Red valerian wants alkaline ground, pH 6.5 to 8.5, and will grow in pure lime mortar. It needs free drainage above all. On heavy wet clay it rots at the crown over winter. If your soil is heavy, plant Centranthus on a raised bed, a wall, or a gravel-mulched mound. Add 30 per cent horticultural grit to the planting hole. Never feed it. Feeding produces soft leaf and few flowers.

Common valerian wants neutral ground, pH 6.0 to 7.0, and steady moisture. It tolerates heavy soil far better than its cousin, since damp suits it. Dig in 2 to 3 buckets of garden compost per square metre before planting to hold moisture and feed the developing root. A spring mulch of 50mm compost keeps the surface damp through summer.

Gardener’s tip: Test your soil pH with a £6 kit before choosing. Above pH 7.5, Centranthus thrives and Valeriana struggles. Below pH 6.5 on damp ground, the reverse is true. Match the plant to the reading and both look after themselves.

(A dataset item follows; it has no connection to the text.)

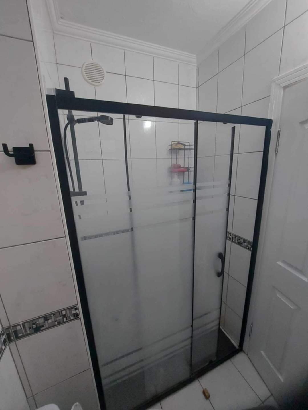 Family bathroom with a new shower and units.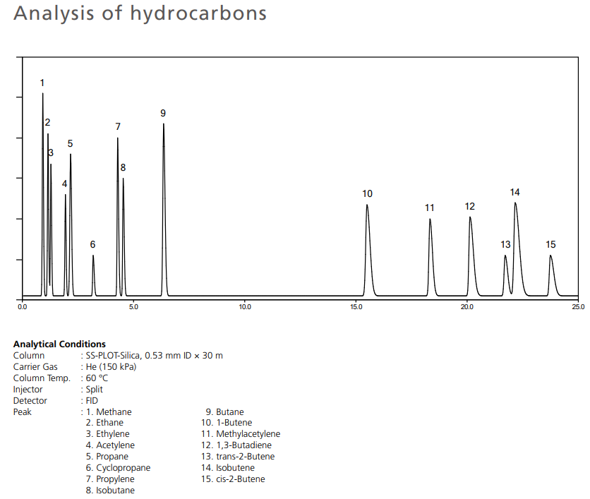 SS-PLOT-Silica is used for isomer analysis of hydrocarbons up to C4. In addition, since there is almost no effect of retention time due to moisture, it can be used stably even with sample gas containing a lot of moisture. In addition, sulfur gases such as H2S and COS can be also separated at the ppm level.

Why we recommend the species ‘Coccineus’ for walls

After six seasons trialling the colour forms, one stands out for reliability in tough wall conditions.

Why we recommend Centranthus ruber ‘Coccineus’: I grew the rose-red species, the deep-red ‘Coccineus’ and white ‘Albus’ in the same south-facing dry-stone wall from 2020. ‘Coccineus’ held the longest flowering window, 18 to 20 weeks against 14 weeks for ‘Albus’. It also self-seeded most readily into the mortar. Seed from Chiltern Seeds and Plant World Seeds (both UK suppliers) germinated at 80 per cent plus for me, against 55 per cent for cheaper bulk seed. For a hot dry wall it is the one I plant.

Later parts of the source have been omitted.